Hardware and Environmental Faults
This section describes the hardware and environmental faults. It includes information about fan speed, voltage, temperature, and power supply for the system.
Note:
If you suspect you have a hardware fault, contact Oracle Support for assistance with running the diagnostics image loaded on the Oracle Communications Session Border Controller.Hardware Temperature Alarm
The following table describes the hardware temperature alarms.
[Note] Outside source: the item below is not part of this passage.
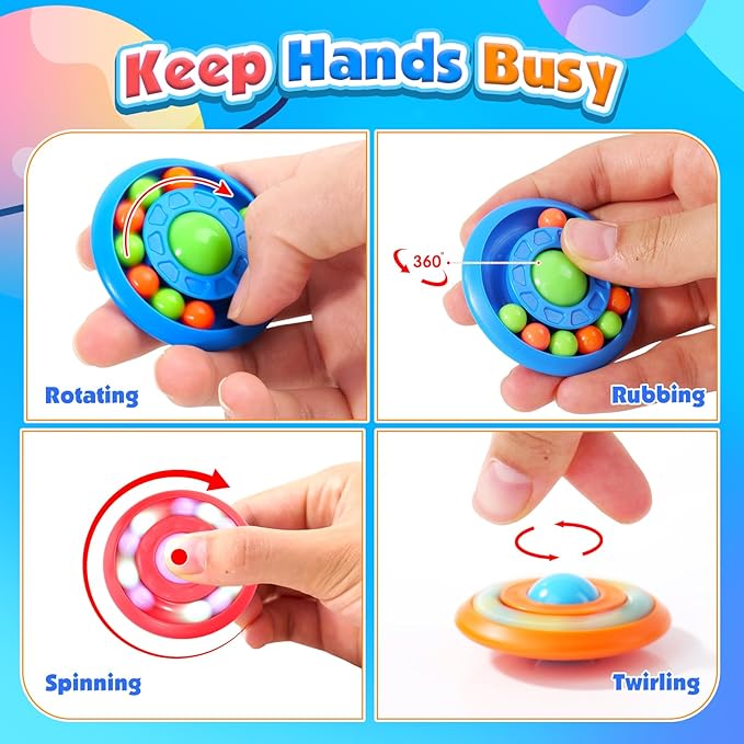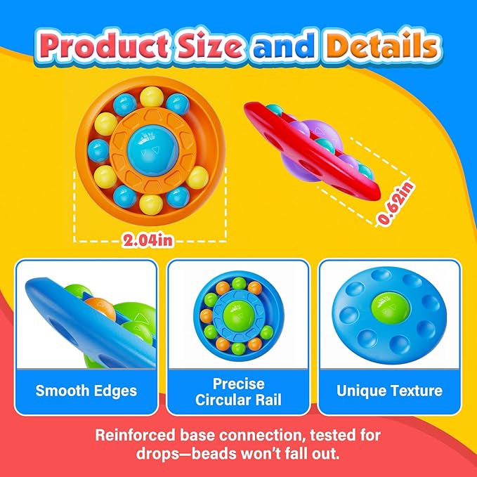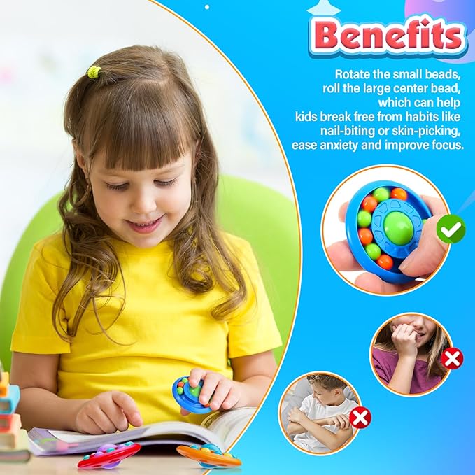 - 🌌Safe Fidget Toys for Kids Adults🌌--Crafted from BPA-free, non-toxic plastic with a smooth surface and rounded edges, this stress toy pack meets high safety standards for everyday use. It passed drop tests, with securely fixed bead and not easy to fall out. Whether spinning, rotating, or rolling, this small sensory fidget toy helps relieve stress, enhance focus, and calm anxious minds. Perfect for kids with ADHD, autism, or sensory needs, as well as adults.
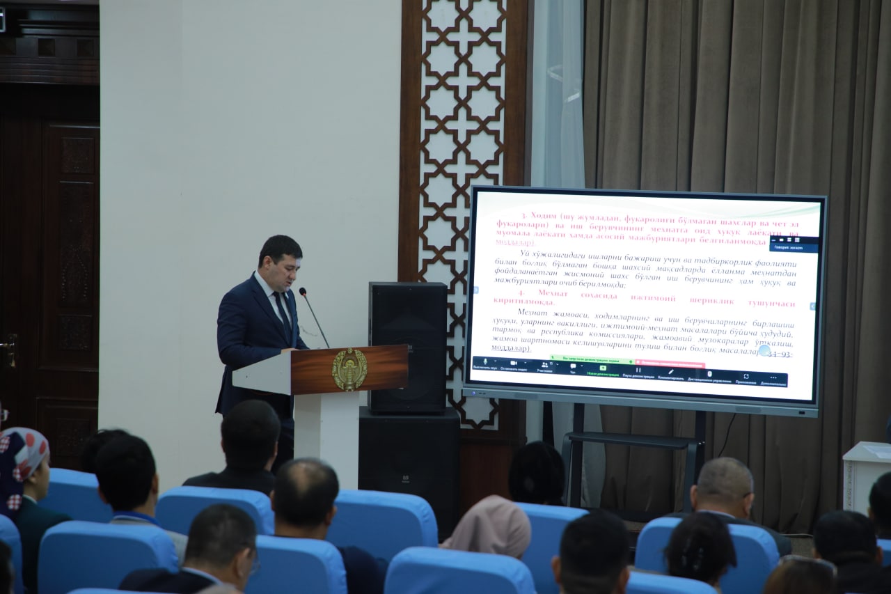 Урганч шаҳрида янги таҳрирдаги Меҳнат кодексининг мазмун моҳиятини кенг оммага етказиш масалаларига бағишланган семинар ташкил қилинди.

Alarm Name | Alarm ID | Alarm Severity | Cause(s) | Example Log Message | Actions | Trap |
---|---|---|---|---|---|---|
TEMPERATURE HIGH | 65538 | CRITICAL: -100 MAJOR: -50 MINOR: -25 | Fans are obstructed or stopped. The room is abnormally hot. | Temperature: XX.XXC (where XX.XX is the temperature in degrees) | 1. Check if fans or air vents that are obstructed 2. Check dust accumulation on vents or fans 3. Check Heating, Ventillation and Air Conditioning (HVAC) of the room. 4. Clean the filter | apSysMgmtTempTrap |
SD5_TEMPERATURE_HIGH_PHY0 | NONE | CRITICAL:>100°C MAJOR:>95°C MINOR:>90°C | Fans are obstructed or stopped. The room is abnormally hot. | Temperature: XX.XXC (where XX.XX is the temperature in degrees) | Temperature X is at Y degrees C over minor/major/critical threshold of Z (Where X is sensor name, Y is temperature and Z is threshold) 1. Check if fans or air vents that are obstructed 2. Check dust accumulation on vents or fans 3. Check Heating, Ventillation and Air Conditioning (HVAC) of the room. 4. Clean the filter | ap-env-monitor |
Note:
If this alarm occurs, the system turns the fan speed up to the fastest possible speed.Fan Speed Alarm
The following table describes the fan speed alarm.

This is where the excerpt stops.